The increase in sales was reflected in this month’s interim results for some of the UK’s biggest insurers. The FTSE 100 Legal & General group received a further £1.2bn in premiums from individual annuities after what was a record year in 2023.

“Last year was already a great year and what’s amazing is that this year we’ve doubled what we did in the first half of last year,” chief executive António Simões told the Financial Times.

He said “more and more” people are choosing to buy an individual annuity with part of their pot, alongside other options such as so-called drawdown products, where they take part of the income from a fund still invested.

Amanda Blanc, chief executive of Aviva, said the individual annuity was “back after being so out of date” because of low interest rates and pension freedoms.

She believes the market will continue to grow. “While interest rates will probably come down, they probably won’t go down to where they were before.”

Rates on annuities, which are backed by insurers with government bonds and thus reflect their yields in their prices, have fallen in the low interest rate era, becoming a big motivator for Osborne’s reforms.

According to annuity comparison service Hargreaves Lansdown, a healthy 65-year-old man with a pension pot of £100,000 can currently receive a single life annuity (paying to just one person) of up to £7,100 pounds per annum, payable. for at least five years.

Four years ago, the figure would have been around £4,700.

In 2013, insurers sold almost £12 billion in individual annuities.

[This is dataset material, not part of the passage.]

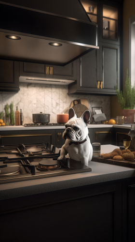 a french bulldog that is the same colours like stitch from lilo & stitch, realistic

David Richardson, chief executive of Just Group, believes the individual annuity market could eventually surpass this level, pointing to the growing size of so-called defined contribution pots.

“I don’t see any reason why you should see this as a cap where it used to be,” he said. “The amount of money (DC) going into retirement will increase year by year.”

One factor is the new so-called consumer charge regulation, which requires advisers to demonstrate they consider the best outcomes for clients, which insurers say has encouraged the promotion of guaranteed income products.

Today, retirees often take a combination of tax-free cash and some income from withdrawals while buying an annuity with part of their pot, and increasingly later in retirement when they want more a lot of security, the executives said.

Yvonne Braun, director of long-term savings policy at the ABI, said “access to appropriate support is crucial to helping people make good choices”.

She called on the Financial Conduct Authority to use its ongoing work on the boundary between retirement guidance and what is considered financial advice to “open up more opportunities” for people to get support in their retirement decisions.